To undertake, or simply to agree?

Family practitioners take note- Stephen Alderson has delivered another very sensible letter concerning orders in family cases. Knowing you, as only the DS Blogger does, many will simply have clicked on his message and told yourselves that you will read it later. And who can blame you. You are too busy with important matters.

In the spirit of attending to your needs, saving you time, and making things simple, the blogger will tell you what you need to know.

First, Philip Waller, senior DJ at the Family Division Principal Registry has been chatting with his fellow DJ’s around the block. They (including Stephen Alderson) are really concerned about PD 33A. It is to do with ‘undertakings’, and the attachment of a ‘disobedience’ warning.

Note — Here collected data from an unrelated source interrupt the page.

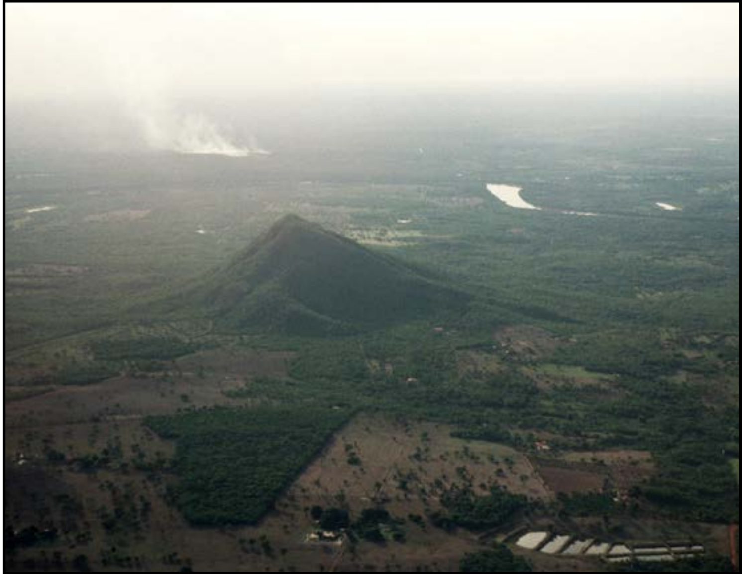
Justiça suspende obras no Morro de Santo Antônio após agravamento de erosão

Os técnicos registraram o avanço da erosão e que, em vez de uma trilha de até três metros, como previsto no licenciamento, foi aberta uma via que em alguns trechos tem até 12 metros. O MP ainda pediu para afastar a Sema da gestão do morro, mas foi negado pela Justiça.
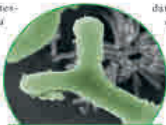
Ayuda eficaz con la bifidobacteria B. bifidum HI-MIMBb75

Nuestro intestino es una verdadera maravilla: en una longitud de unos seis metros, descompone los alimentos en compuestos vita-
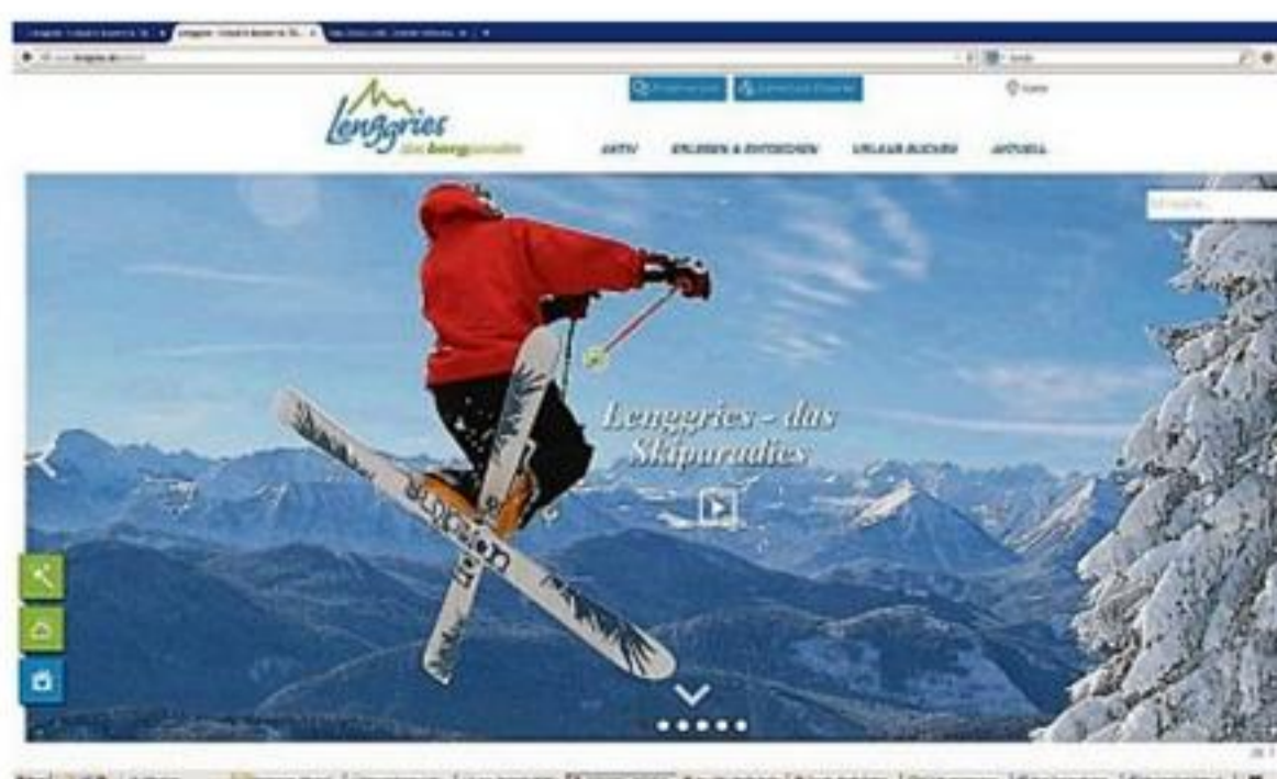
Als Skiparadies wirbt Lenggries auf seinen Winter-Tourismuseiten.

Der Auftritt soll neue Besucher ansprechen und als Urlaubsgäste gewinnen, die so gleich per Internet nach der passenden Unterkunft suchen können. Auch die Darstellung der Gastgeber wurde von der Firma Feratel neu angepasst, um den Besucher noch leichter zu seiner Wunschunterkunft zu leiten. Die Fremdsprachenversionen, der Bürgerservice sowie die Seiten Handel und Gewerbe werden 2015 umgesetzt.
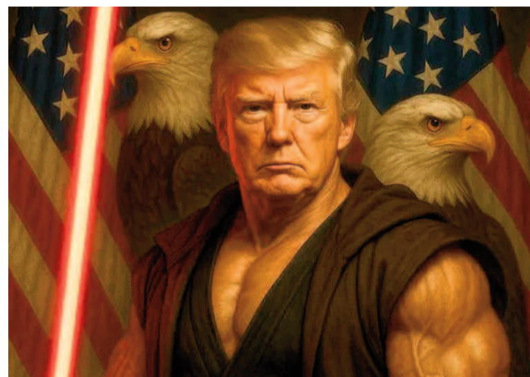
Caracterizado como otro personaje del mundo del espectáculo.
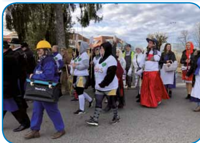
Sakalauvske maškare je pripelala vrla delavka s fabrike (županja)
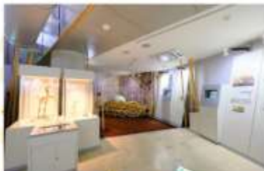
AKAN INTERNATIONAL CRANE CENTER
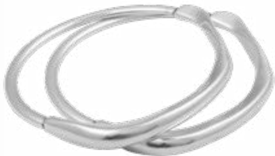
SOL Y LUNA Ref.-232101 2 tallas Talla 1 (Pequeña) Talla 2 (Mediana)
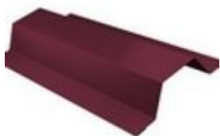
Планка опорная 50x35x50
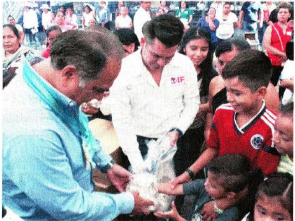
El gobernador Héctor Astudillo dijo que, por segundo año consecutivo, se logró la entrega de fertilizantes de forma gratuita, en la zona de La Montaña.

Astudillo dijo que su deseo, a unas horas de que inicie formalmente el ciclo escolar 2017-2018, “es que sea un buen año escolarmente hablando, que a los maestros les vaya bien, porque Guerrero los necesita”.
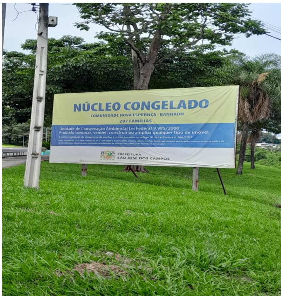
Banner da Prefeitura de São José dos Campos em frente à comunidade Nova Esperança(03/02/2025).

O banner acima, posto em frente a comunidade Nova Esperança, expõe uma mensagem: “Núcleo Congelado”, também chamado de núcleo urbano informal congelado. Tal expressão define uma área de ocupação urbana irregular que, por decisão do poder público, tem sua expansão proibida. Essa medida visa controlar o crescimento demográfico do local e evitar a formação de novos assentamentos informais. A prática de congelamento é prevista na Lei Federal nº 13.465/2017 , que trata da regularização fundiária no Brasil. Segundo tal lei, os
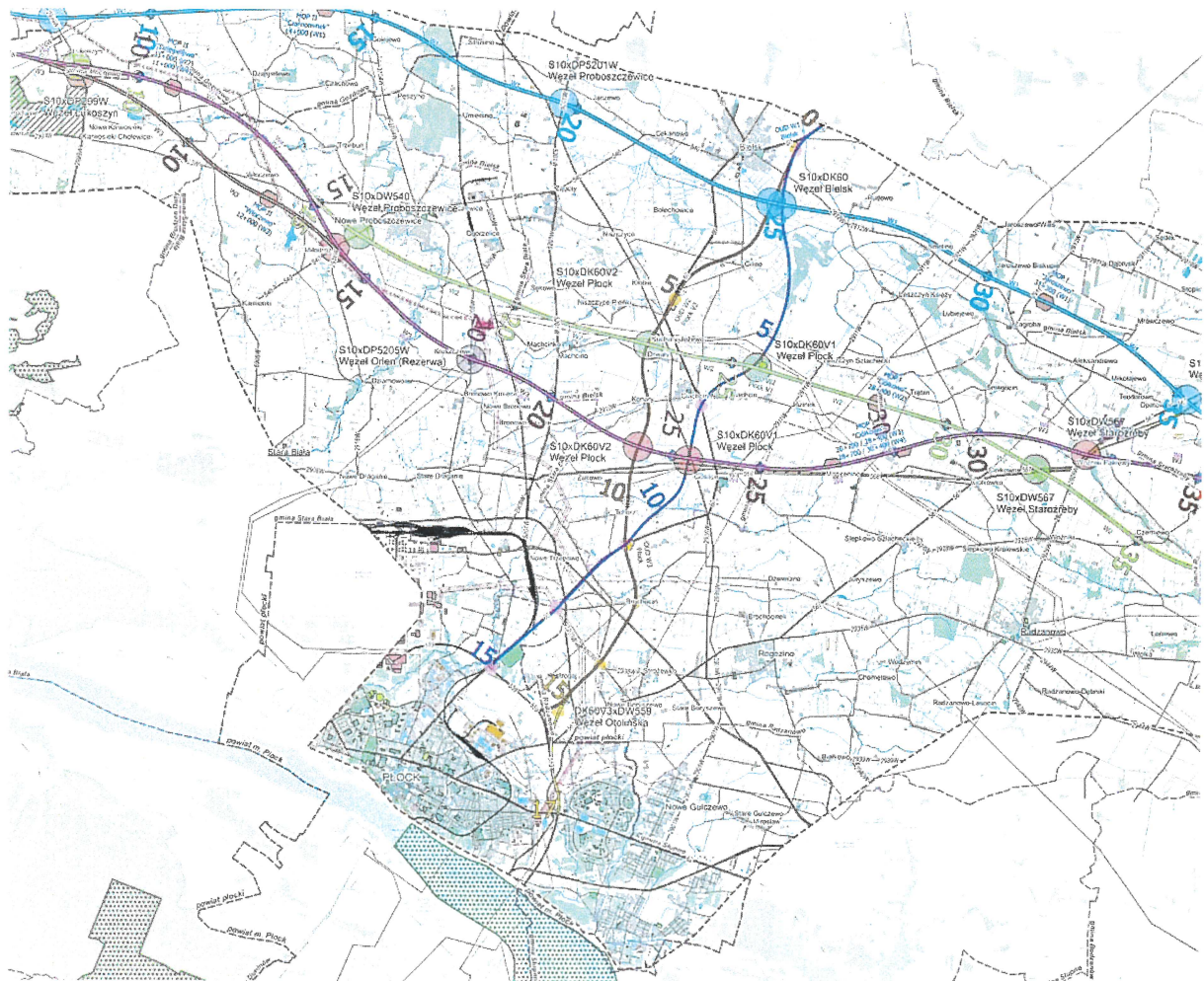
Rysunek 2 Warianty przebiegu drogi ekspresowej S10 i drogi krajowej nr 60

W związku z opracowywaniem dokumentacji projektowej budowy drogi ekspresowej S10 i S50 A1 - Obwodnica Aglomeracji Warszawskiej GDDKiA O. Bydgoszcz poinformowała 1 , że Wykonawca, tj. konsorcjum projektowe: TPF Sp. z o.o. (lider konsorcjum) i Databout Sp. z o.o. (partner) opracowali Studium Techniczno – Ekonomiczno – Środowiskowe, które zostało przyjęte na posiedzeniu Zespołu Oceny Przedsięwzięć Inwestycyjnych (ZOPI) w dniu 22.09.2025 roku, również przy udziale zaproszonych gości, w szczególności Pana Prezydenta Artura Zielińskiego. Aktualnie wprowadzane są uwagi do dokumentacji po posiedzeniu oraz trwa wewnętrzna procedura uzgadniania dokumentacji w GDDKiA zmierzająca do przeprowadzenia na przełomie roku 2025/2026 posiedzenia Komisji Oceny Przedsięwzięć Inwestycyjnych przy Generalnym Dyrektorzem Dróg Krajowych i Autostrad w Warszawie. Efektem prac będzie zatwierdzenie dokumentacji i wskazanie wariantu preferowanego do wniosku o wydanie decyzji o środowiskowych uwarunkowaniach dla przedsięwzięcia pn.: „Budowa drogi ekspresowej S10 na odc. od granicy województwa do DK50 i S50 na odc. od DK50 do S7”.
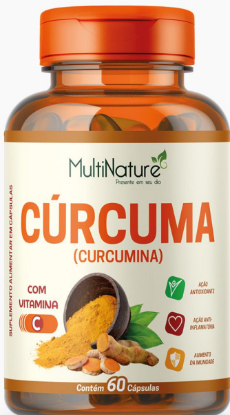
CÚRCUMA COM VITAMINA C 60 CÁPSULAS
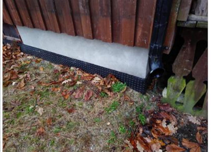
Utvändigt fuktskydd synligt ovan mark.
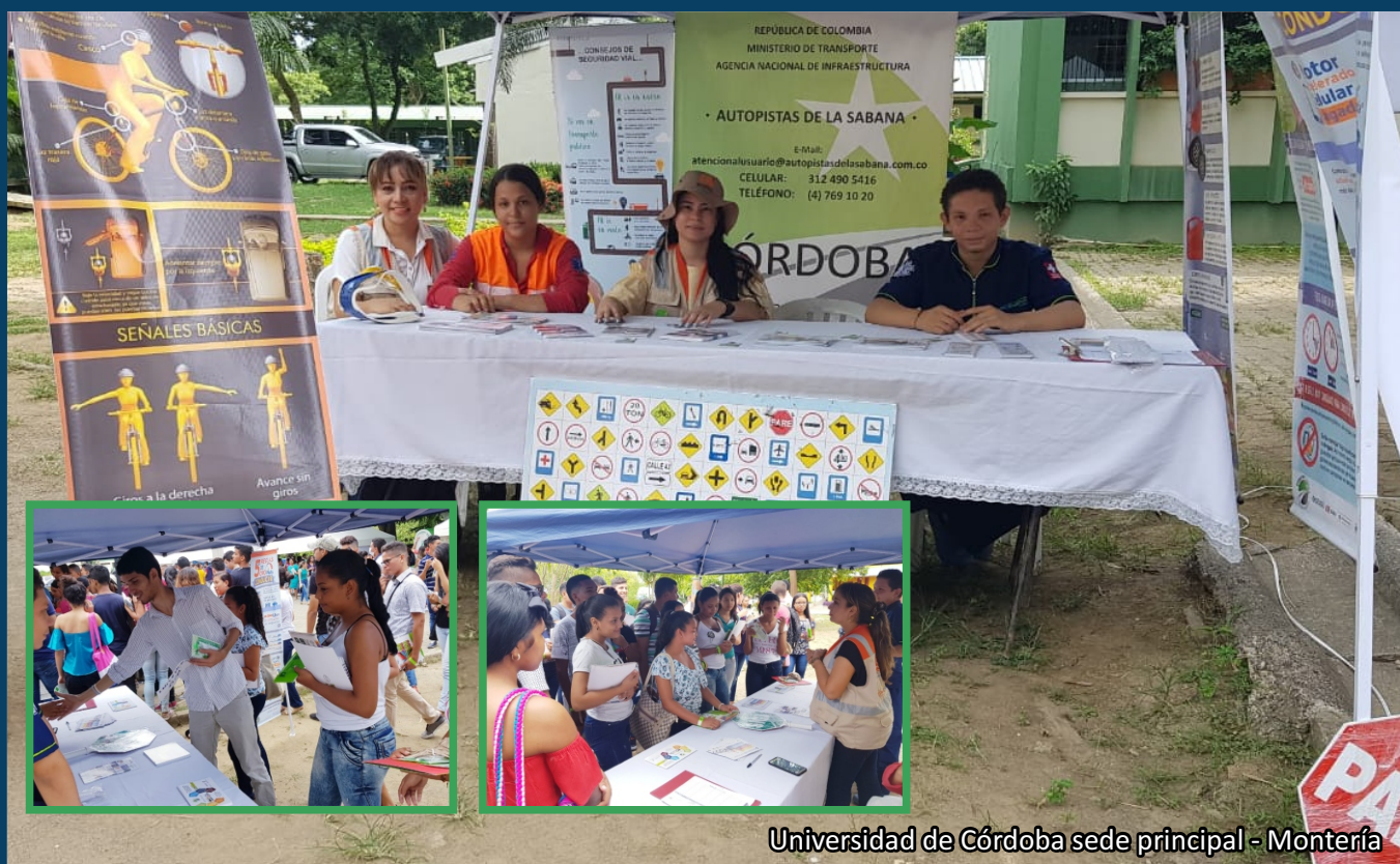
Universidad de Córdoba sede principal - Montería
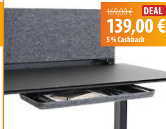
Schwarzwald-Lab Filzschublade - Tuck away
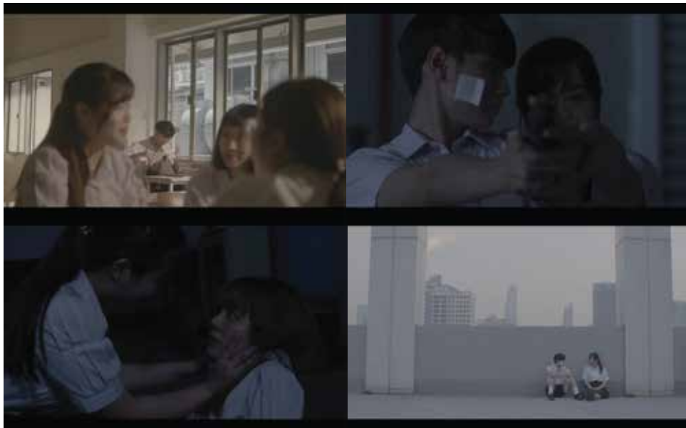
Murderer's Loveletter (2020) 原作、監督、編集、カラーリング (Premiere Pro ~7hrs)
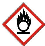
GHS 03 Flamme über einem Kreis

In einigen Anlagen auf dem Werksgelände werden Stoffe gelagert und verwendet, von denen besondere Gefahren ausgehen können weil sie brandfördernd, ätzend, giftig, gesundheitsgefährdend, oder umweltgefährdend sind. Im weltweit harmonisierten GHS Einstufungs- und Kennzeichnungssystem werden die gefährlichen Eigenschaften von Chemikalien mit Gefahrenpiktogrammen dargestellt. Hierbei handelt es sich um folgende Gefahrenpiktogramme:
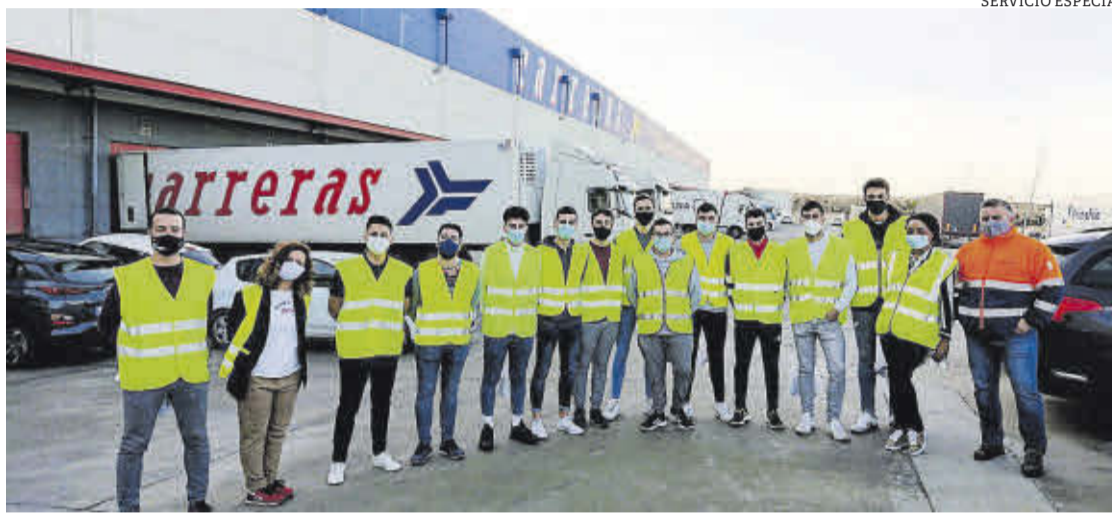
Metodología 360°. La formación se completa con salidas a empresas y 'masterclass' con profesionales.

Océano Atlántico ofrece una completa formación en el ámbito de la logística con una metodología de aprendizaje activa, de la mano de las empresas del sector logístico, que posibilitan una visión empresarial realista y de calidad. El centro fue pionero en la comunidad al lanzar el Grado Superior en Transporte y Logística, una formación de dos cursos de duración más un periodo de
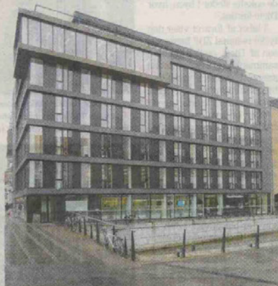
Åboulevarden 11. 1960'ers-byggeriet har fået et helt nyt og moderne udtryk. Bygherre: Åboulevarden Aps. Arkitekt: Arkitema Architects.
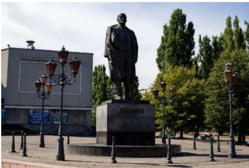
Рис. 2. Памятник Ленину в Калининграде, 2020 г.
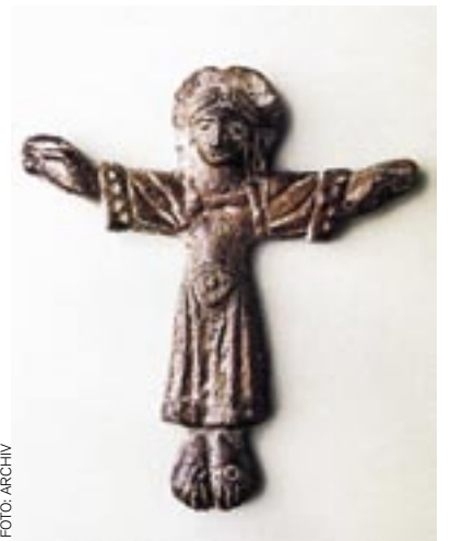
UKŘIŽOVANÝ KRISTUS. Nález z Pražského hradu, kol. r. 1000

Tento vývoj českého státu se odrazil též v růstu a poté i v poklesu prosperity jeho pražského centra. V průběhu 10. století se Praha stala jedním z nedůležitějších politických i hospodářských středisek střední Evropy. Přispěla k tomu asi především skutečnost, že podunajský dálkový obchod, přerušovaný vpádem kočovných Maďarů, si nalezl náhradní cestu z Řezna přes Prahu, Vratislav a Krakov do Pobaltí, Skandinávie i do krajin Rusů a Chazarů. Cesta procházela z převážné části územím českého státu a přinesla sem rozkvět, z něhož těžila především Praha. Stejně tak Praze prospívalo trvalé úsilí Přemyslovců o vnitřní centralizaci Čech, která zvětšovala politicko-správní význam Pražského hradu i dosah ekonomického a tržního působení jeho podhradí. Když kníže Boleslav I., vzдор své
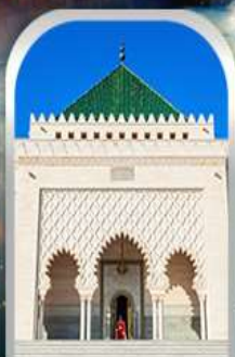
MOHAMMED V SQUARE
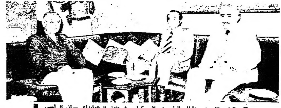
الرئيس اسعد محاطاً بالرئيسين سلام وكرامي في مكتب « هولدياي » امس

انتقلت الازمة الازمة الوزارة من مرحلة العزل الى مرحلة الاسعد والمطلب الوطينة ، وضرورة الاتفاق حول هذه القضايا قبل تشكيل الحكومة . وقد خرج الرئيس اسعد وكرامي وسلام متضائلين بالنسبة للمرحلة الجديدة التي تطهها الازمة .
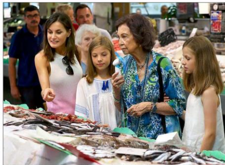
La Reina Letizia, ayer, junto con sus hijos Leonor y Sofía y la Reina Emérita Doña Sofía, en el Mercado del Olivar de Malloca. 171

Y el verbo se hizo carne. Para entendernos: después de mucho suspense, apareció la Reina Magnífica (o Emérita), recién llegada de los Grandes Lagos (EEUU), tras pasar unos días en compañía de la Infanta Cristina y sus hijos. Doña Sofía está a todo: a los hijos (lenguaje inclusivo, pues allí están comprendidos también las hijas, así como los yernos y las nueros) y los nietos, a Ginestra y a Malloca, a las obligaciones y a las diversiones. SÍGUE EN PÁGINA 22 / PAPEL
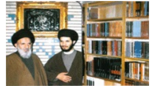
حضرت آیت الله العظمی آية الله الامام زین العابدین

Now that we barristers have the job of drawing up the orders, we need to get them right. In summary, whenever you thought about including the word ‘undertaking’ in your order, forget it unless you want the offender locked up or flailed. Instead, try the word ‘agreement’ or ‘agree’. It is perfect in a recital,  and carries with it the clear intention of the parties. This way, the judge does not have to threaten imprisonment  for any transgressor. They are happy; and you have shown yourself to be an intelligent drafts-person. DJ Stephen Alderson warns “be prepared to answer the question as to why you need a penal notice”.

Interestingly, the point goes a step further than first appears. Is this another example of the ‘modification’ of family proceedings, away from ‘the order of the court’ to ‘the agreement of the parties’? The blogger thinks it is, and applauds the move. Before too long, court orders will comprise a recital of agreements rather than a record of findings and requirements.

Perhaps another reason to get a mediation qualification?